═════ Input ═════

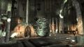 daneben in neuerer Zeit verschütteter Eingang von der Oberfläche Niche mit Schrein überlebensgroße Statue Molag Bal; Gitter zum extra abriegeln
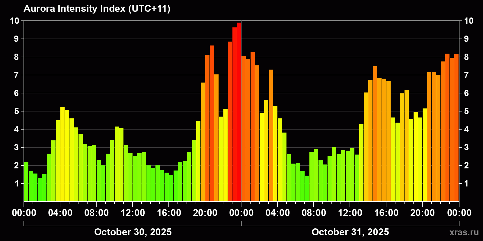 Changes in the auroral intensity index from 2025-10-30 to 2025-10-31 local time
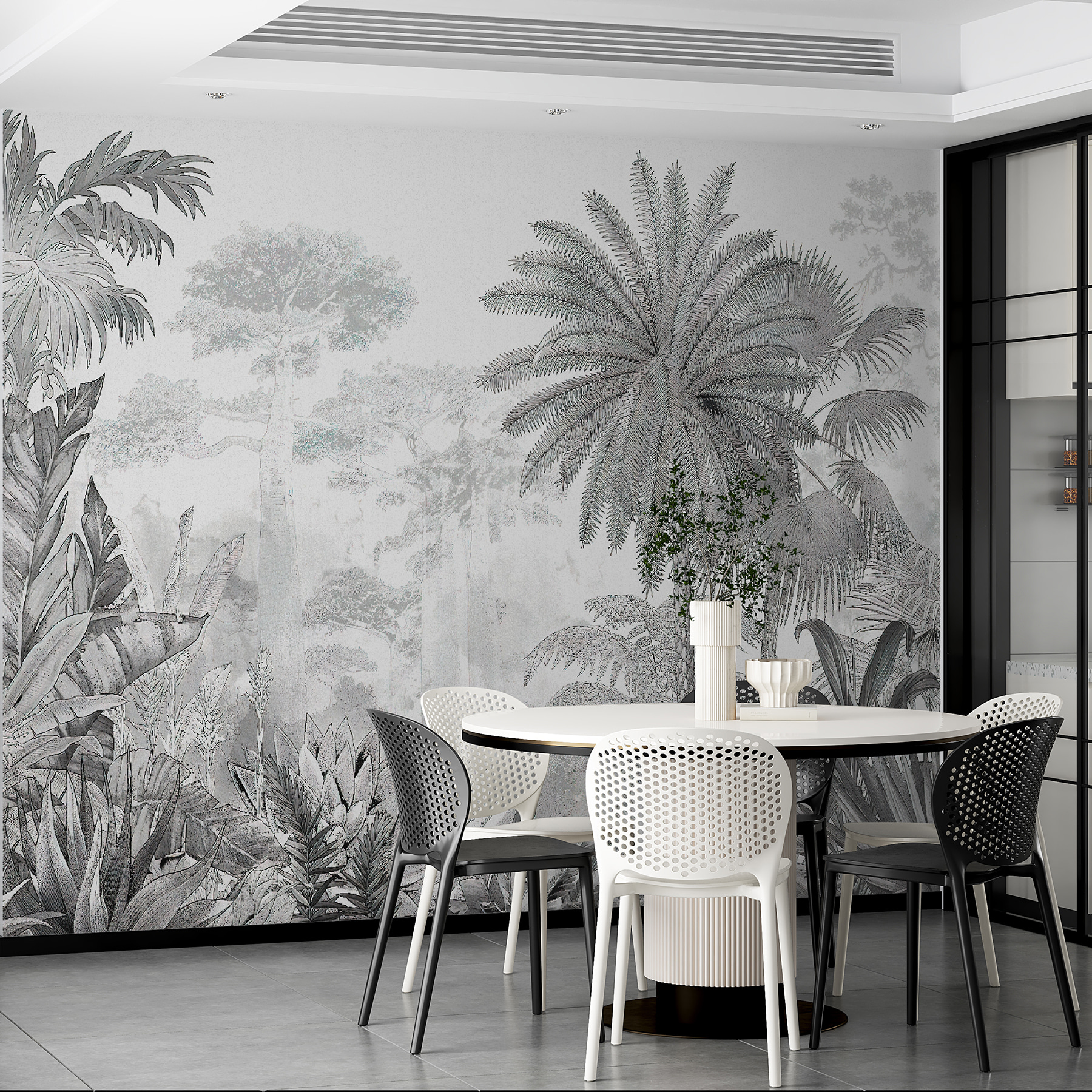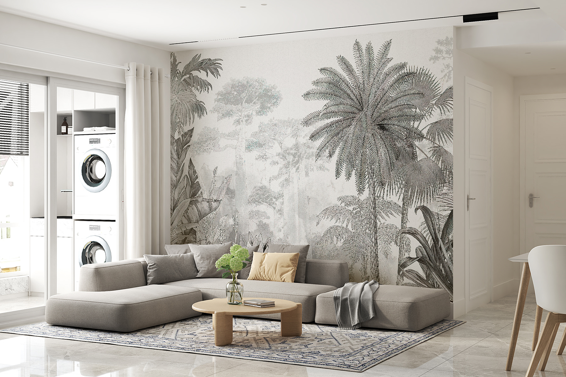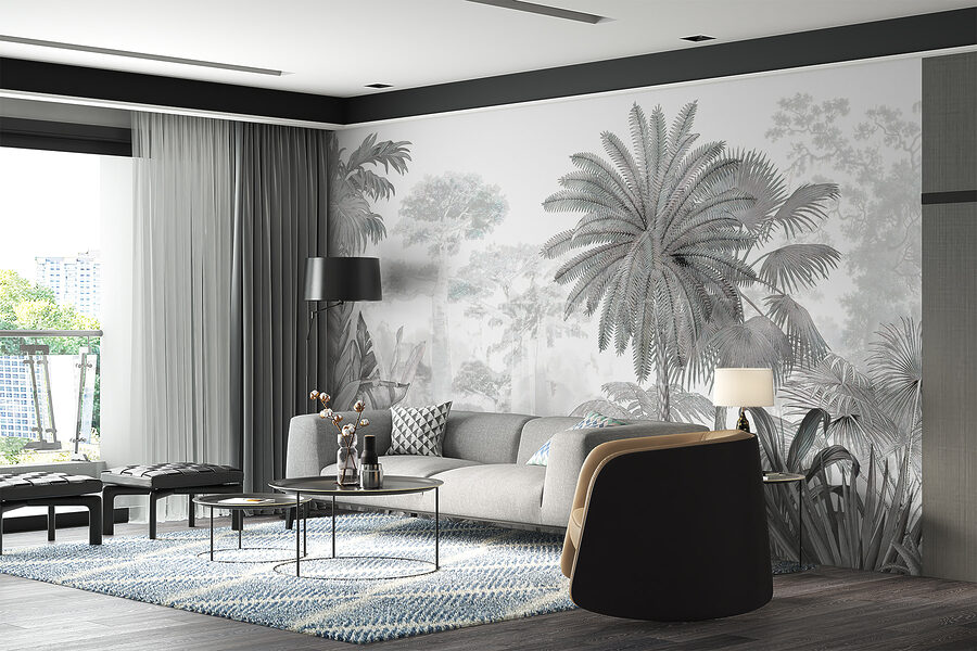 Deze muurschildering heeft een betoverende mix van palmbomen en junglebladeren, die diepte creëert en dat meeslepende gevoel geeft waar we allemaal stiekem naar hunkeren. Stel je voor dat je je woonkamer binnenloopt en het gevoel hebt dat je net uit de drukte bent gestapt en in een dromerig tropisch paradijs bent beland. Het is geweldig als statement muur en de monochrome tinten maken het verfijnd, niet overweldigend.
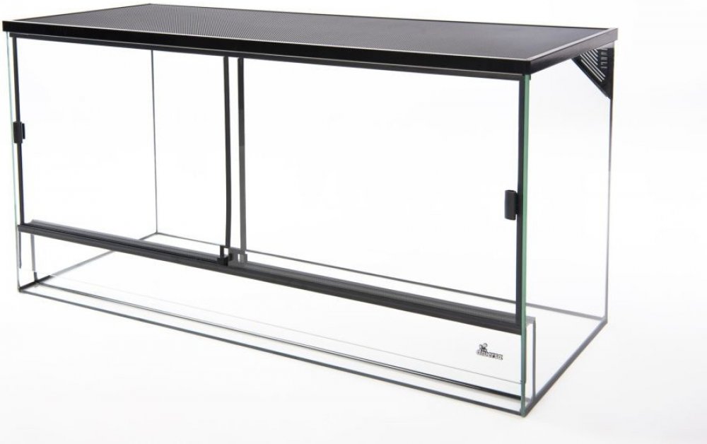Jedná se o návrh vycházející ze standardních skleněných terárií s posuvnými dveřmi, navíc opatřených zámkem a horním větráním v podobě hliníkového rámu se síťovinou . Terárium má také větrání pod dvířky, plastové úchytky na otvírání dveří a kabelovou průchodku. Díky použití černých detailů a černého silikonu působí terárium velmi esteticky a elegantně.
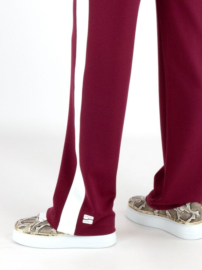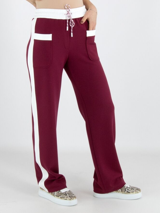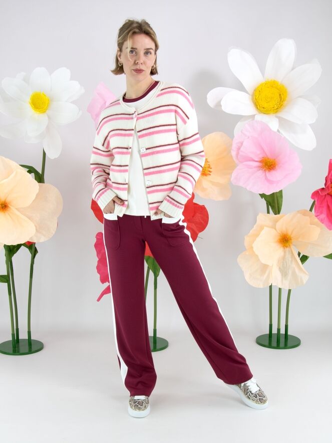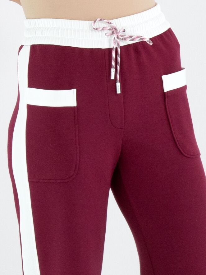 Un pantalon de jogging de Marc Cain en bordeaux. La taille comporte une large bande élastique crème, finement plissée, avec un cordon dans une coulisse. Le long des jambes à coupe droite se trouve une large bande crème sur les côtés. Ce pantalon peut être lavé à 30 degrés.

═════
═════ Input ═════

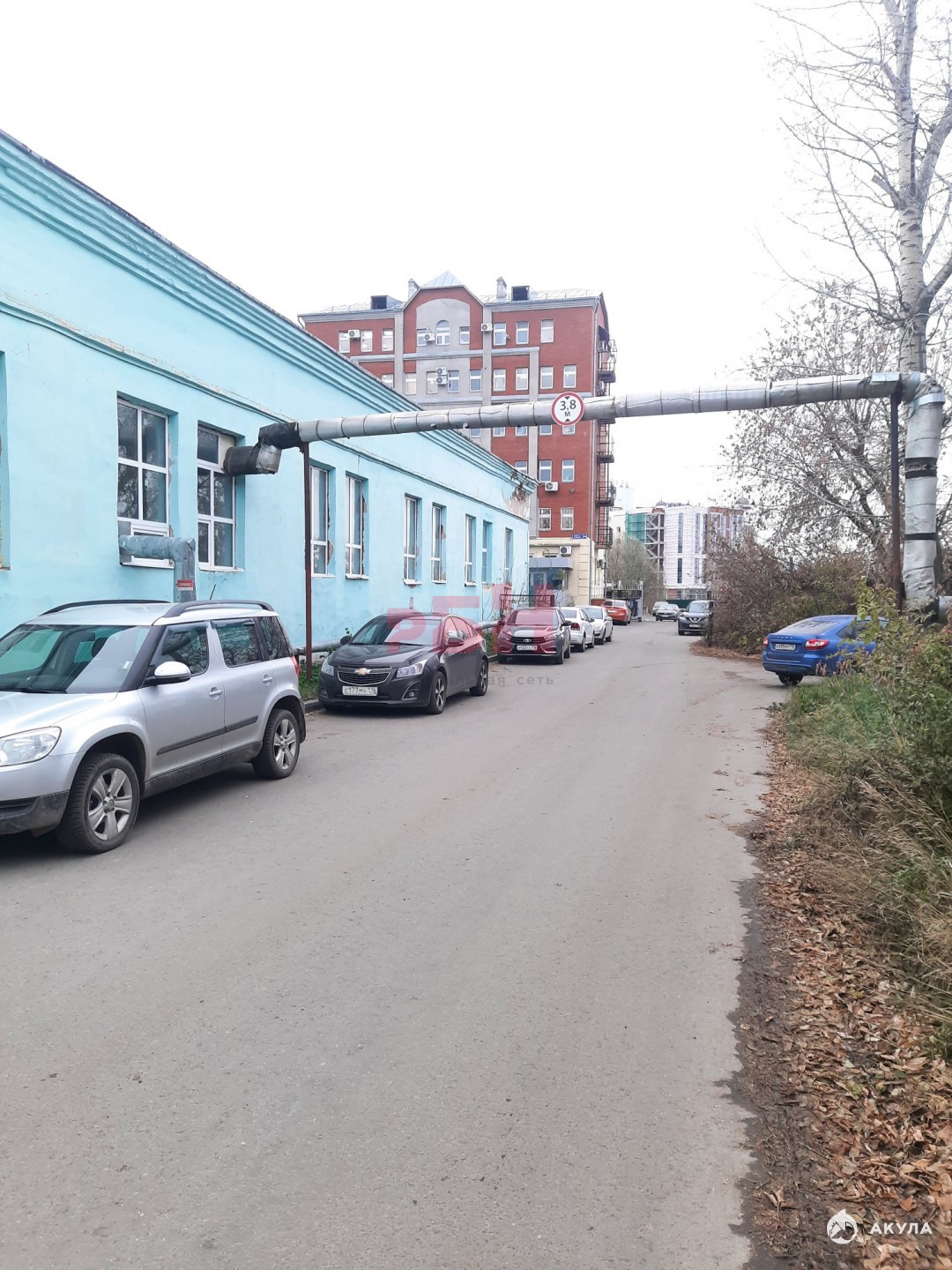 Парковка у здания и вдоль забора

═════

_Your assignment_
Your answer must be the lines above from the one holding "daneben in neuerer" up to and including the one holding "Changes in the", exact and with no pictures.

_Result of the exercise_
 daneben in neuerer Zeit verschütteter Eingang von der Oberfläche Niche mit Schrein überlebensgroße Statue Molag Bal; Gitter zum extra abriegeln
 Changes in the auroral intensity index from 2025-10-30 to 2025-10-31 local time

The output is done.